I came back to this in the context of reproducible research, i.e. linking analysis to publications and preparing different output formats, which is closer to the original question.

I now think the key is to combine the analysis and documentation in the simplest possible base format, run the analysis, and then convert the resulting documentation to whatever output format is required for whichever group. This technology has become dramatically better in the last few years.

The workflow I have settled on is...

  1. Prepare an R markdown file that includes analysis steps and documentation. The analysis is included in knitr chunks and can be in R, python, and many other languages.
  2. Set up the YAML preamble in the R markdown to describe the output document format(s) I want. In my case they include PDF, HTML, word, and Github-flavoured markdown.
  3. Render this in R to produce the different documents. This is done using the rmarkdown and bookdown packages in R. rmarkdown and bookdown leverage pandoc to produce very good output files.
  4. Share the different output files with different groups.
  5. Update the Rmarkdown and iterate items 1-4 until complete.

I have put an example of this into a repository at https://github.com/AndyClifton/lit-pro-sci-pub-demo.

Andy Clifton
  • 3,699
1

This is my method for converting LaTeX documents to MS Word documents: first convert LaTeX file to epub3 file with MathML support by using tex4ebook, then convert its output to Word file by using Pandoc.

Conversion from LaTeX to epub3: tex4ebook -f epub3 mwe.tex "mathml"

Conversion from epub3 to MS Word: pandoc mwe.epub -o mwe.docx

Note: Probably you will need to revise your LaTeX source file before converting it to epub3, see this answer for details.

0

I have had little luck with, e.g. htlatex and mk4ht.

However, what works for me are the following four strategies:

  1. pdftotext -layout thesis.pdf
  2. detex thesis.tex > thesis_detex.txt
  3. pdf2htmlEX thesis.pdf
  4. Adobe Acrobat XI Pro

Pdftotext produces thesis.txt, which is very close to the formatting in pdf. To avoid character-mapping problems, load thesis.txt in a windows text editor, e.g., notepad++, select all and paste into a new MS Word/Openoffice Writer document. The only drawback is that if your tex-file produces a pdf with concatenated words, thesis.txt will contain the concatenations.
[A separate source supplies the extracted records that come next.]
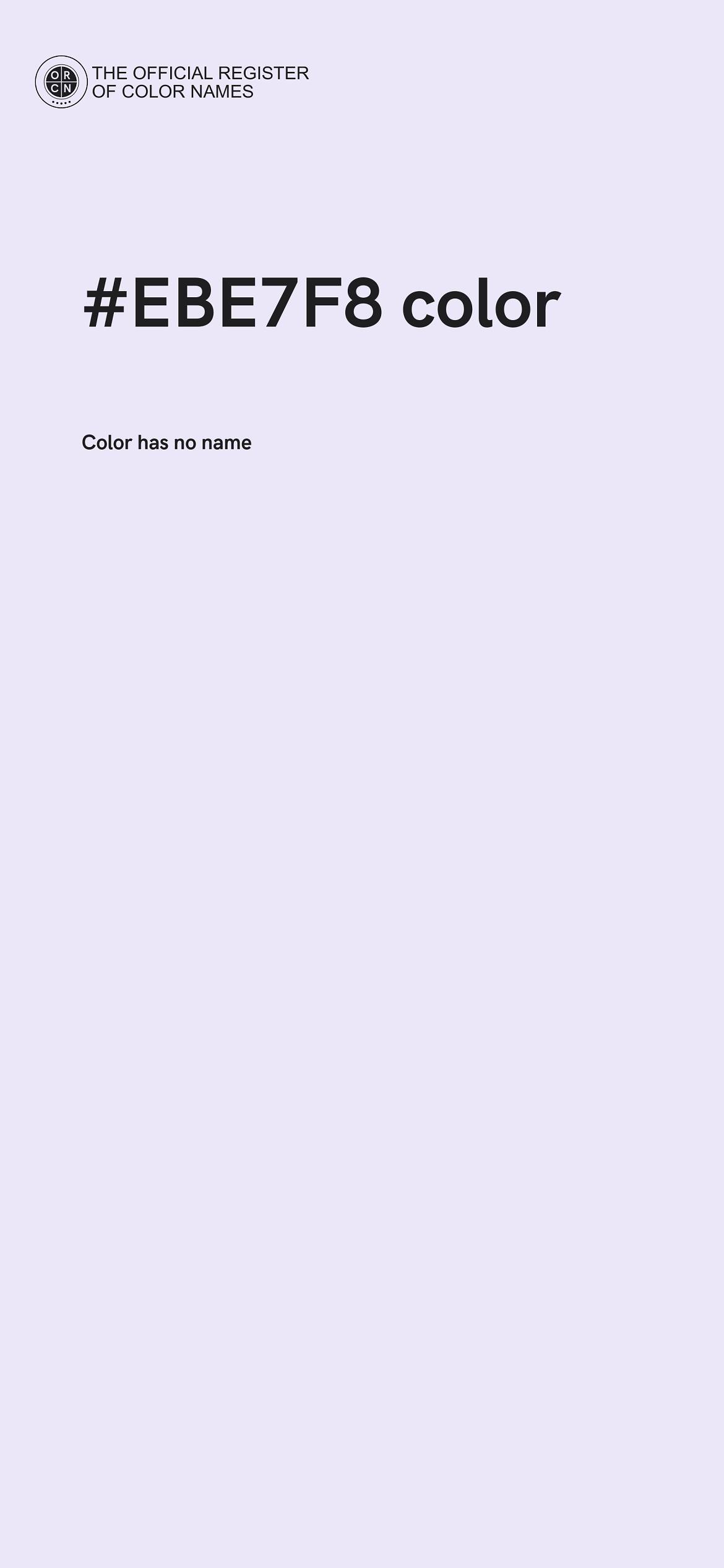 The digital color HEX #EBE7F8 belongs to the Blue Color Family featuring Moderate Saturation (Saturation Family) and Luminous (Brightness Family).
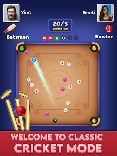 Play Cricket in Carrom - New Carrom 3D board game - disc pool game.
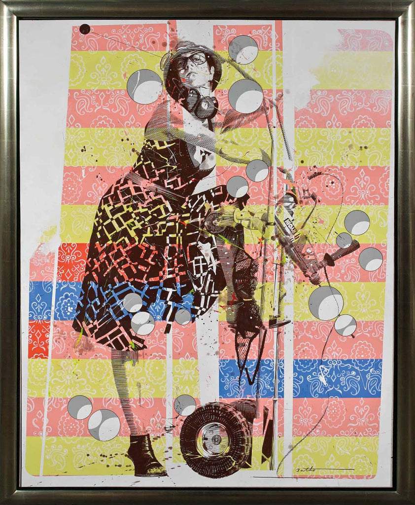 "Joséphine Graspic" is an acrylic on canvas painting created by Philippe Bertho in 2013. The artwork is signed 'Bertho' lower right. The canvas size is 57.5 x 45". The artwork ships framed. Please contact the gallery regarding available frame options.
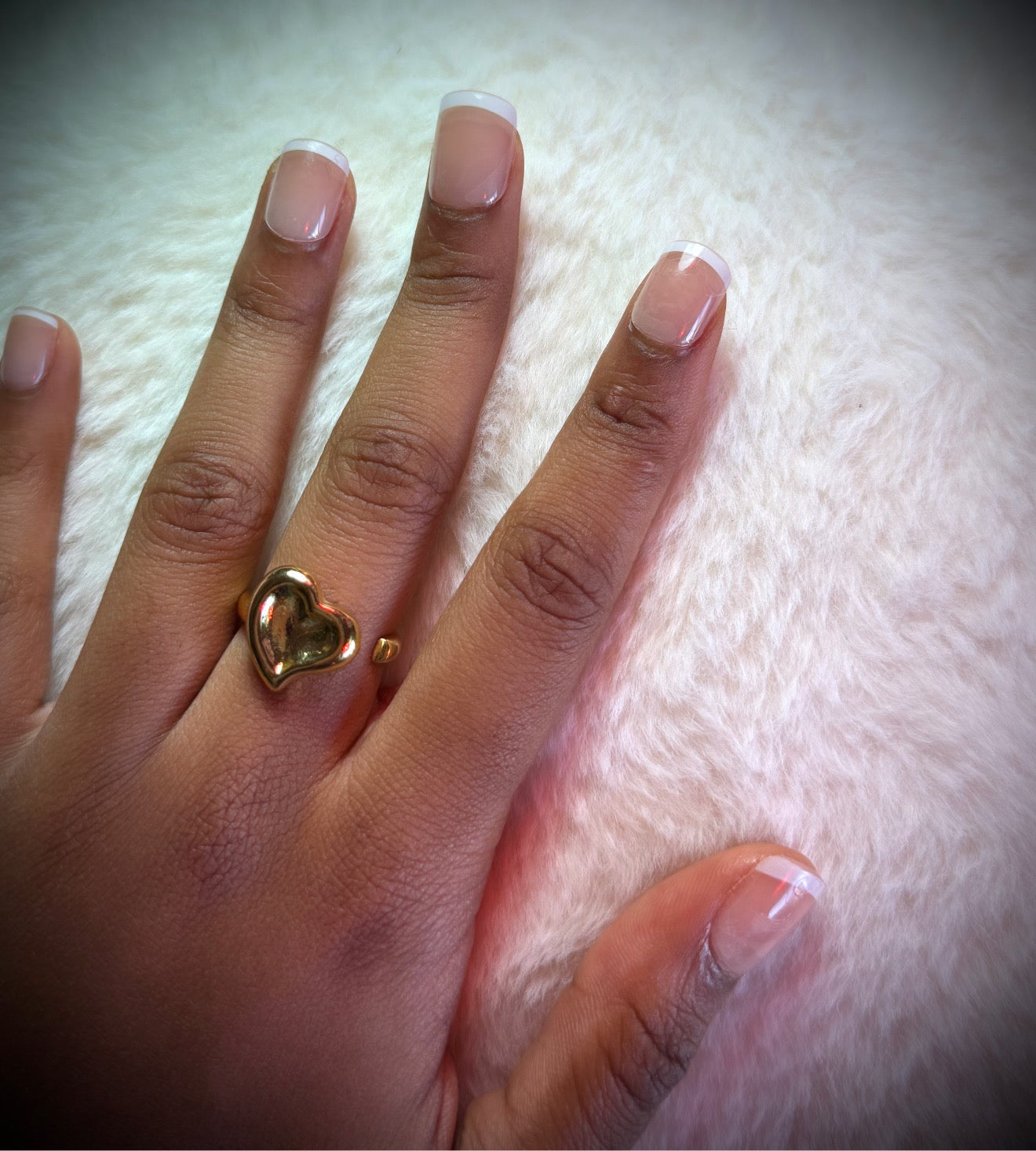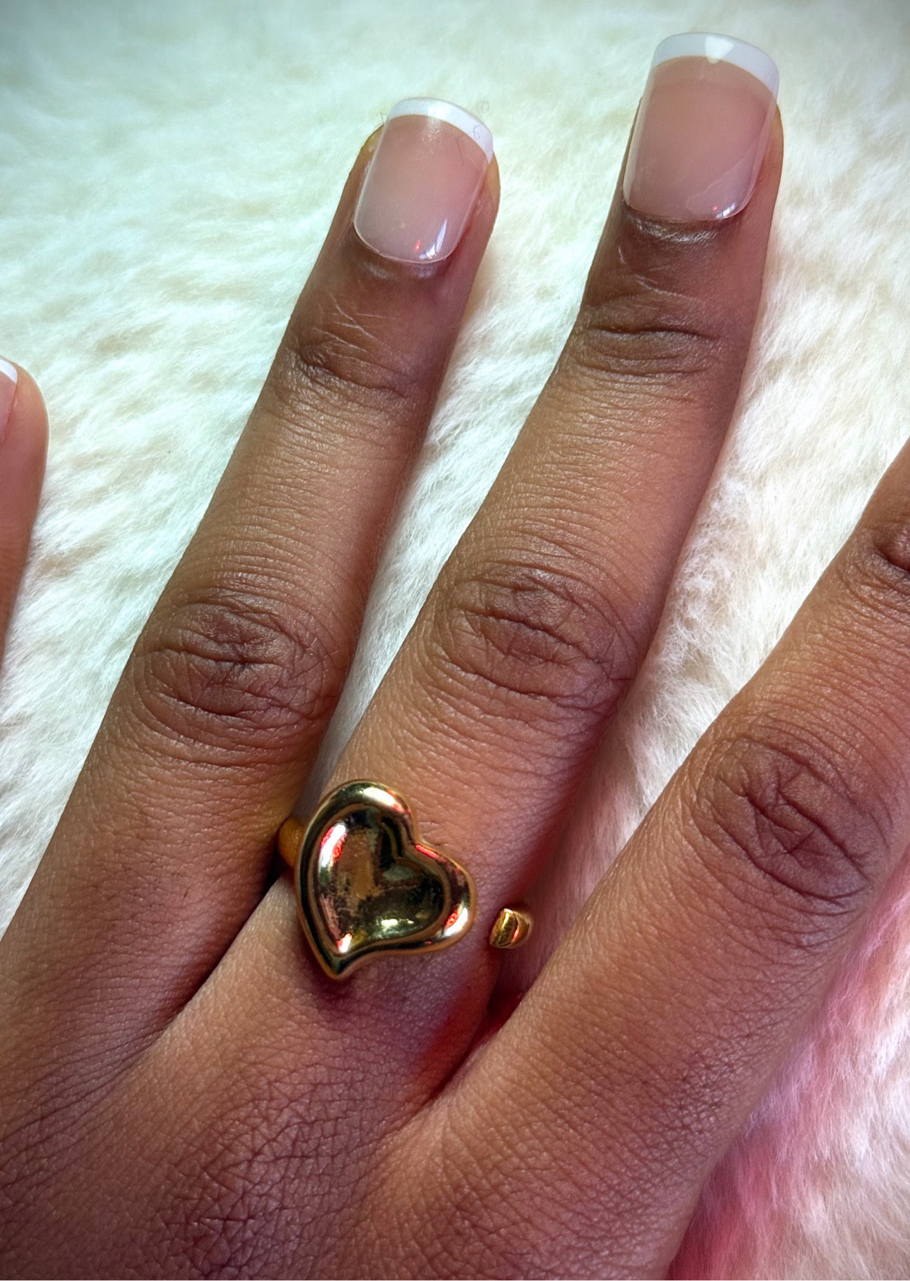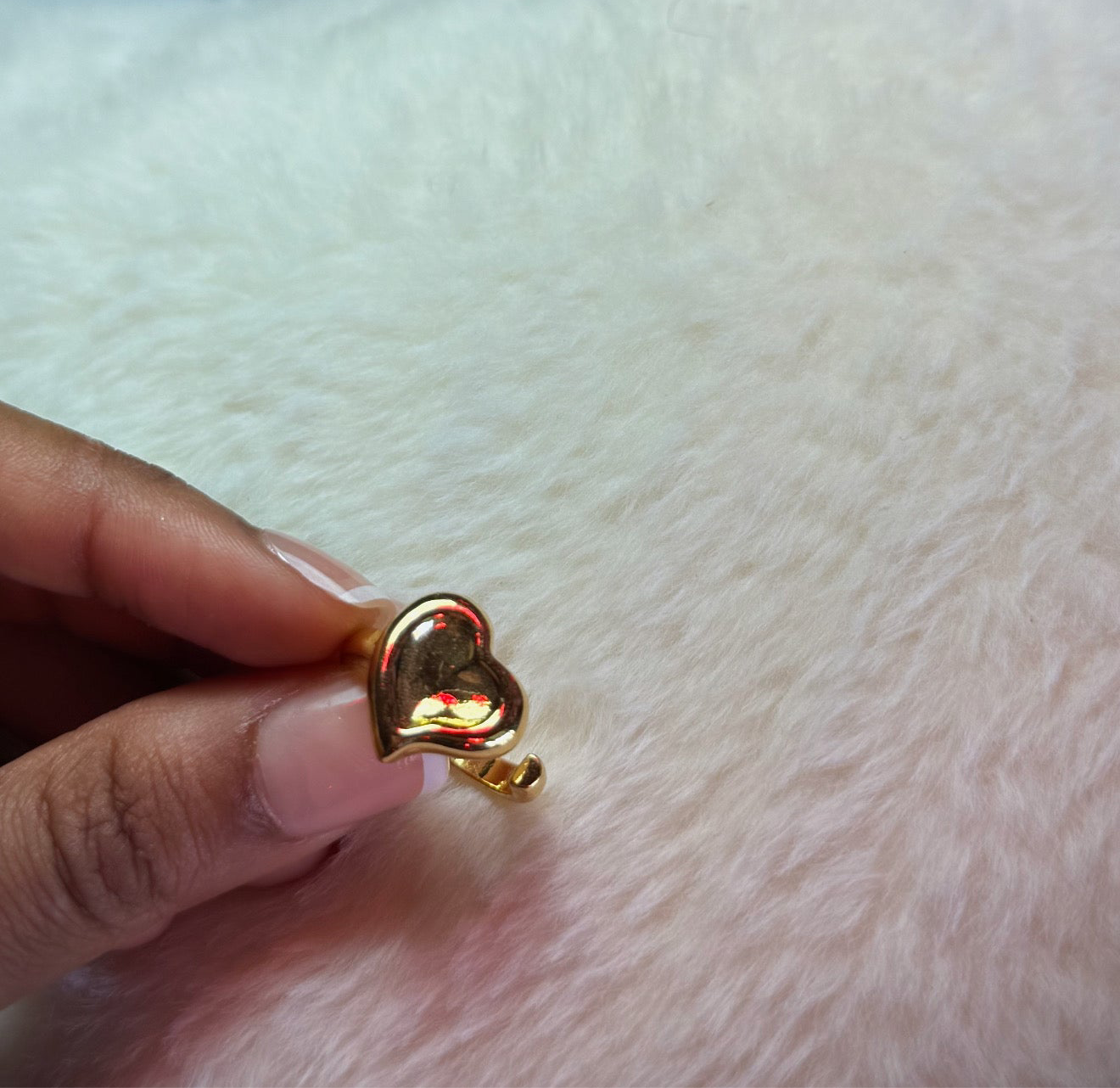 Romantic and timeless, this heart-shaped ring is a symbol of love and effortless charm. Crafted with a sleek silhouette and polished finish, it’s designed to be worn solo for a sweet statement or stacked for a touch of playful elegance.

Detex produces thesis_detex.txt which works fine for many use cases since words are not concatenated.

pdf2htmlEX produces a very accurate html file. Although some characters are collated to one new character.

To be honoust, the conversion with Adobe Acrobat XI Pro worked flawlessly. I was surprised since I had not used Adobe for a while. Earlier versions did not perform well.

In conclusion, the best option for me is to use Adobe on a latex produced pdf.

rvaneijk
  • 330
  • what kind of issues did you have with htlatex or mk4ht? I am sure they should produce better results than just plain text. – michal.h21 Dec 02 '17 at 14:50
  • htlatex and mk4ht do not work very well with hyperref and pgf. Disabling hyperref is suggested. Pgf was a different problem for me, e.g., the first error message was "l.190 \pgfusepathqfill}". Also many as follows: "! Undefined control sequence. \pgfsys@svg@newline ->\Hnewline

    l.214 \pgfusepathqstroke}"

    htlatex produces an incomplete file, whereas mk4ht did not even finish.

    – rvaneijk Dec 03 '17 at 16:10
  • I think you should post a question illustrating your issues with hyperref, it should work without problems. Regarding the TikZ issue, this is known, it has been reported in TikZ issue tracker together with a solution, but it haven't been fixed upstream yet. see https://tex.stackexchange.com/a/386775/2891 for some solutions. – michal.h21 Dec 03 '17 at 16:27
0
  • Step 1. Create a PDF from your LaTeX file using pdflatex
  • Step 2. Convert the newly created PDF to Word document. You can achieve this step in 3 different ways:
  • For Windows users, Microsoft 2013 and later versions can open a PDF and save it as Word.
  • If you're not using Microsoft Word, you can simply use an online PDF to Word Converter as an alternative, no download needed.
  • If your document is text-only, just open it with Google Docs, and then download it as a Word document.